Pages

Wednesday, 15 February 2012

Michael Caine is speaking, talking Italian

If there was any doubt that my brain just can't focus, not for two seconds, it was eradicated today. While I was meant to write, or at least meditate on the subject of rather dull questions, my brain was occupied trying to make my inner voice sound like Michael Caine ('Hello, my name is Michael Caine. Not a lot of people know that'. Try it, it's excellent fun). In case you were wondering - no - it is not very helpful in an exam. Having said that, there is something that's been nagging on me for a while and relates to an earlier post here (that you won't have read). I was thinking about being a grown up and how that is meant to change you. Now, I do not want to relate to myself as a grown up, but I have crossed the line, I think of grown-up behaviour, never to come back again. I have bought a gift and a card for a newborn, which means that 1. I know somebody with a baby and 2. I sort of care, and 3. I no longer belong to the entity that is my parents, who will send a separate gift and card (that is if my mother is bothered enough).

Part of the Guardian's solution for future graduates.
Now a month has passed and I spent that month trying not to freak out over too much work and not enough sleep. My chronic lack of ambition and stoic mind help, but mornings like today's do not. Why are some lectures boring? Why was I tired despite 10 hours sleep? Why does my tea no longer remain hot in my thermos? All in all, not a good day for reflection, fashion, nail polish, hair and certainly not a good day for productive ideas towards a dissertation. AND, it's Valentine's Day, another perfectly ordinary day highjacked by commerce and transformed into a Disney production of love and affection. Yes - this is a single speaking, and yes - I had a lot of cake during the last couple of days. I mean a lot. 
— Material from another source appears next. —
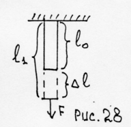 Рассмотрим поведение твердого тела как твердой сплошной ограниченной среды. Возьмем стержень из твердого материала длины l и сечения S. Укрепим его верхний конец так, что стержень примет вертикальное положение и будем к нижнему основанию стержня прикладывать силу F, направленную вниз. (рис.28).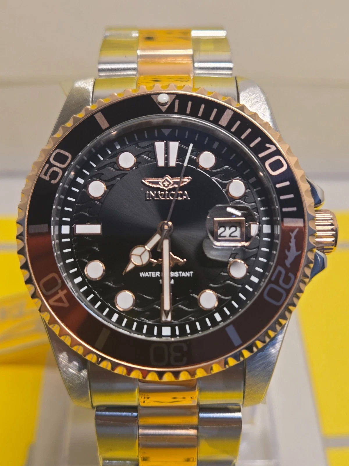El reloj Invicta Pro Diver para hombre es un reloj elegante y elegante con un impresionante diseño de oro rosa y acero. Con un tamaño de 43 mm, este reloj de pulsera es perfecto para hombres que buscan una combinación de elegancia y funcionalidad.

My weekend was spent with cake, beans and a treasure hunt - possibly the best hunt I've ever done. Beans included. And at the risk of blowing my own trumpet, dear non-existent reader, I summed it all up on Saturday night: 'if this is what being an adult is like, I want more of it'. True. It was a genuinely great day, spent in the glorious cold London sun, with people I like, doing crazy things of our own and others' design.  And lots and lots of rhyming, photographing, laughing and random silliness. I secretly wish never to look back onto my teens again, where everything was tense and not so very cool, despite my very hard attempts.  Have we reached the summit of coolness without trying? Or have we reached a state of coolness through a reversal of all that is classified as cool, de-accelerating to the point of total acceleration? Paul Virilio would be very proud indeed of me now. Reaching the level of complete acceleration where the only possible way is regression, the return to what has already been. What is coolness in the first place? Is it a virtue? An accomplishment? Is it natural? Can it be learned. As an outsider, a non-cool person, I have only ever had the possibility to observe coolness from the outside, i.e. with the longing to become or be cool, or cooler. Interestingly, it manifests itself in a variety of ways, which only have the ideological notion of coolness in common - it translates into so many visual, physical and metaphysical details that the only valid comparison I find is the universe, a an indefinitely large mass or un-mass, hosting galaxies and planets and and and... The question whether coolness is experienced by the bearer of cool him- or herself is an interesting layering of the idea that coolness may be only experienced by the outsider, and that 'a' cool person is not capable of grasping their own coolness. 
'Hello, my Name is Michael Caine'
Coolness as a distorted mirror image of the self that does not allow for a coherent evaluation. Which implies that anybody thinking of themselves as cool, could not possibly be cool, for cool cannot be self-experienced. This would explain why coolness seems effortless - because it is.
Any conscious effort must result in the individual's fail to be cool. Michael Caine is a prime example (notice how I make a suave link to an earlier bit): he spent the 60s and early 70s being cool. Nerdy glasses, mod-cut suits, unruly curls, Cockney accent, a good choice of movies, and the best spy movie scene in human history in The Ipcress File; two agents with trolleys in a supermarket. Coolness was a byproduct of good British acting. He did so well: and this is where it all went wrong. Michael Caine realised that he did well. So he made the effort to continue doing well, and did not so well in consequence. And what's worse: he lost his cool. I am particularly referring to the actors' workshops (1987) and a range of 'straight-to-video' films he made in the late 70s and 80s. In trying to replicate earlier coolness, Michael Caine created a caricature version of himself; a sort of postmodern pastiche of the actor he once was. Michael Caine in the 80s was a construct, designed after a bad description of Michael Caine in the 60s: an overemphasised Cockney accent, weird glasses, set hair (like his own grandmother) and bad 80s fashion. He might not have been responsible for the fashion, but it articulated well what had become of the 60s icon. It was the attempt to continue being the same character 20 years into his career - it was bound to fail.
Luckily, Caine grew up. There was a transition period where he had to age and mature to distance himself from Alfie, and where he became a sleek, witty, short-breathed grandfather. It took nearly 40 years, but Michael Caine is cool again, because he doesn't give a toss about it.